From the first line of the data below through the line bearing "②:313平米,在中間位置,也是雙向風(fēng)景,全南臥室", reproduce each line exactly; do not include pictures.

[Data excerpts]

►

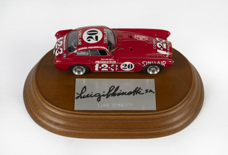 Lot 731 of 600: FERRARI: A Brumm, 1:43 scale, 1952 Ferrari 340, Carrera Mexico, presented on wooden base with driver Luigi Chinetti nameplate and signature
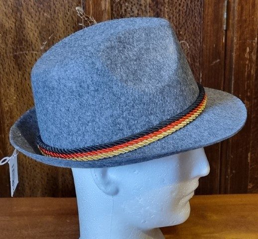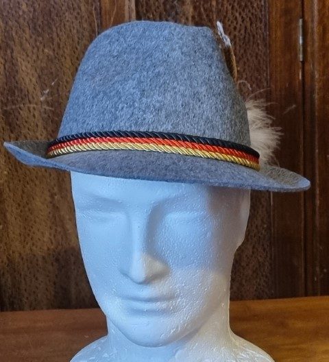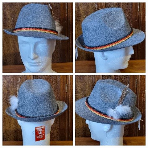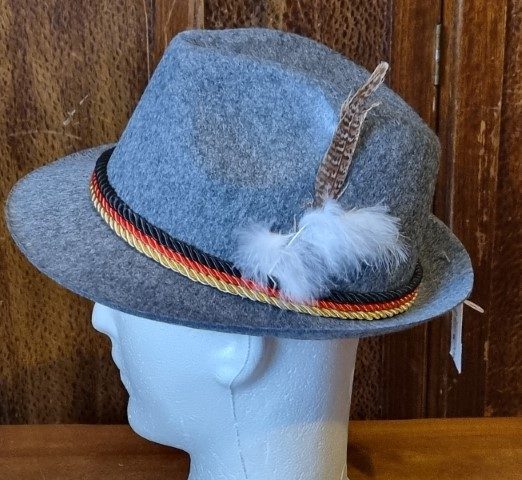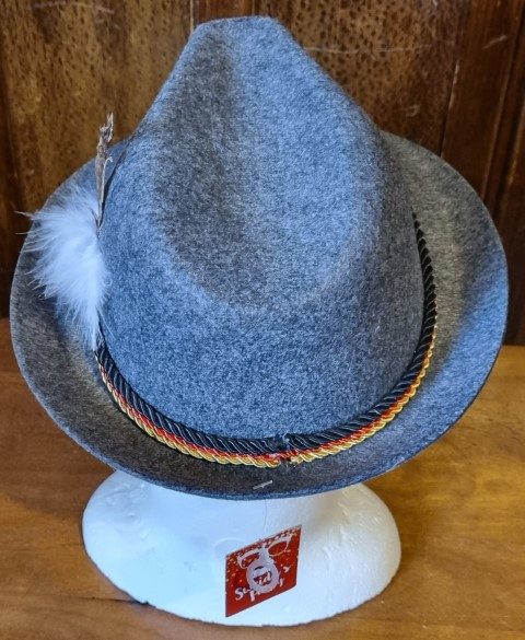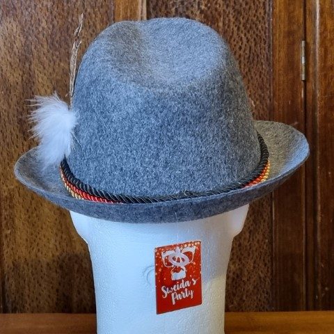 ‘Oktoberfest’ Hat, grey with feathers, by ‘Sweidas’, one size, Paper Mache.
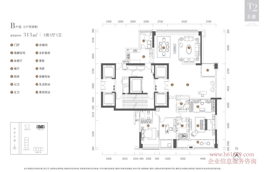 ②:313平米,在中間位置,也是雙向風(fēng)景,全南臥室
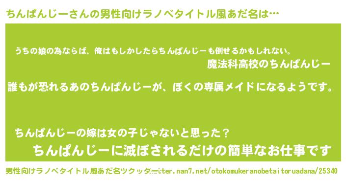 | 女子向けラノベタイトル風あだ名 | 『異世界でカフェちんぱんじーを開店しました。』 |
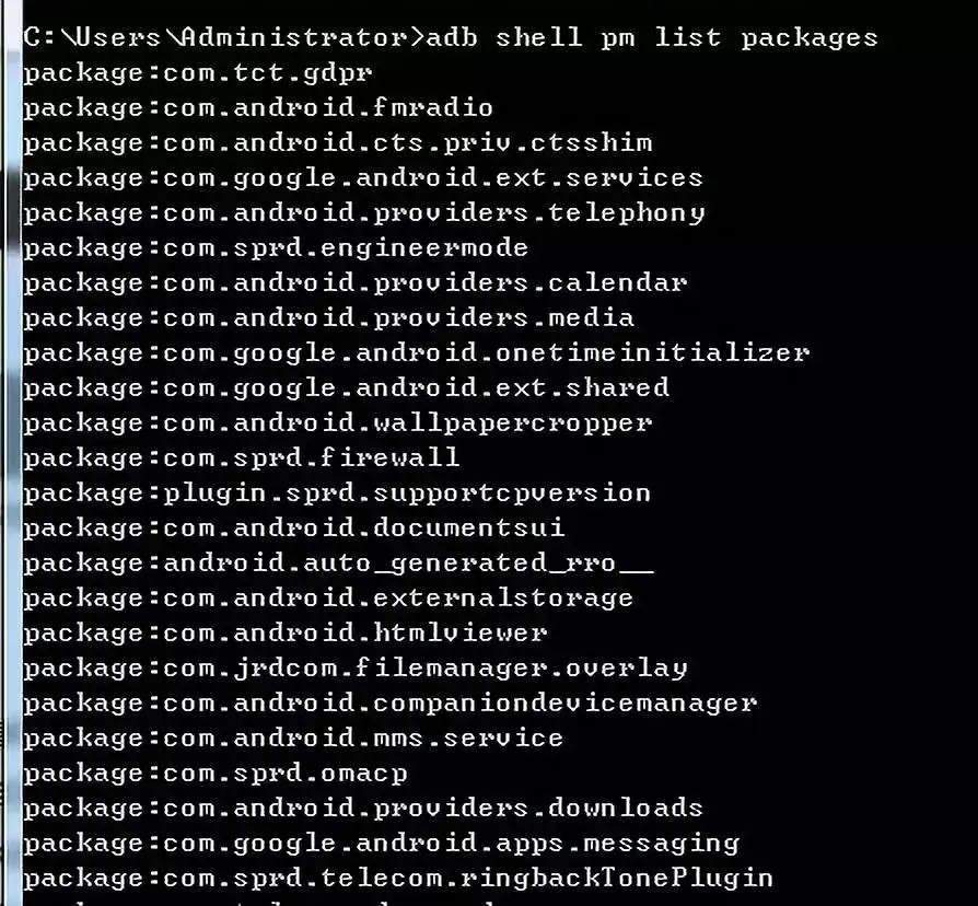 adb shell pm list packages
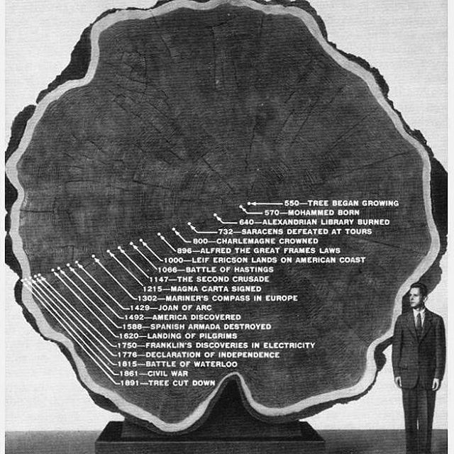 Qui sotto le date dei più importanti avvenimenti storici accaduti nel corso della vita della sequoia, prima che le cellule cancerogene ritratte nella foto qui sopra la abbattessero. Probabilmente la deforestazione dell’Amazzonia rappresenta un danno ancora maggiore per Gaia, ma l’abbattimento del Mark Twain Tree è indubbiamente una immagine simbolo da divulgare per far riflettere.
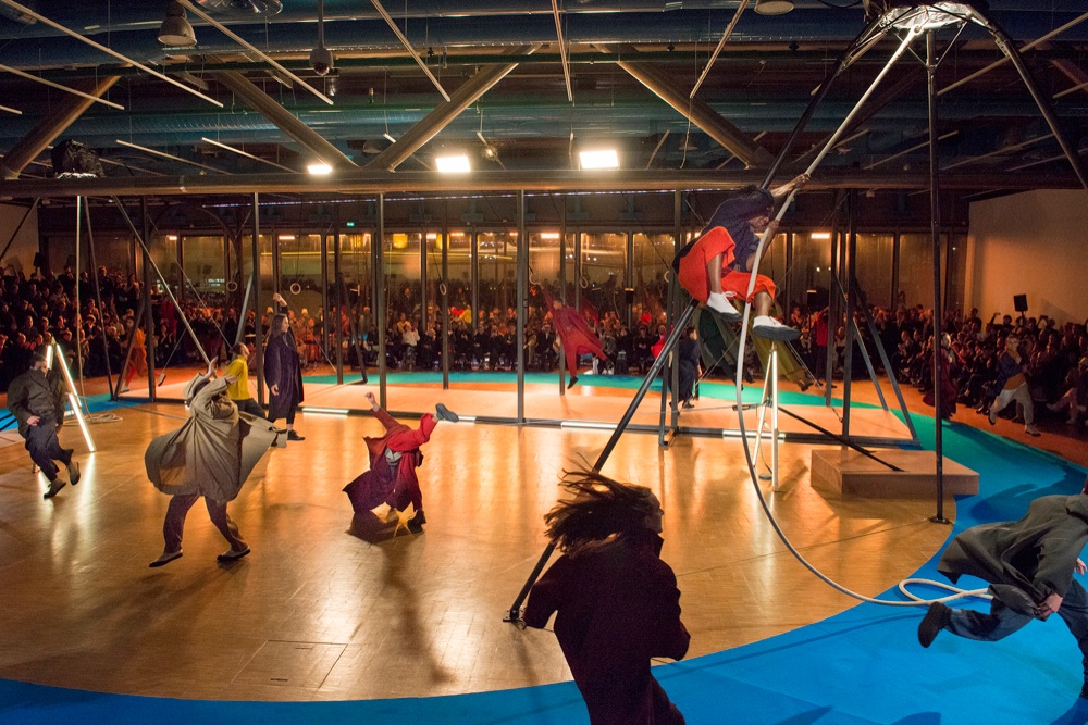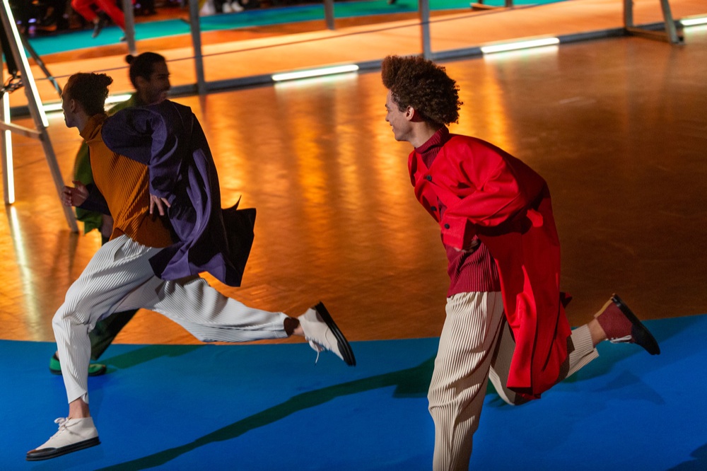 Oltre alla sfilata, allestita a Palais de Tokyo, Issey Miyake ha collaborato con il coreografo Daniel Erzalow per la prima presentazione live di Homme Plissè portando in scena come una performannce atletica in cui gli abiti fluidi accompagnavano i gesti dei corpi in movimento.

◄

Written response »
 Lot 731 of 600: FERRARI: A Brumm, 1:43 scale, 1952 Ferrari 340, Carrera Mexico, presented on wooden base with driver Luigi Chinetti nameplate and signature
 ‘Oktoberfest’ Hat, grey with feathers, by ‘Sweidas’, one size, Paper Mache.
 ②:313平米,在中間位置,也是雙向風(fēng)景,全南臥室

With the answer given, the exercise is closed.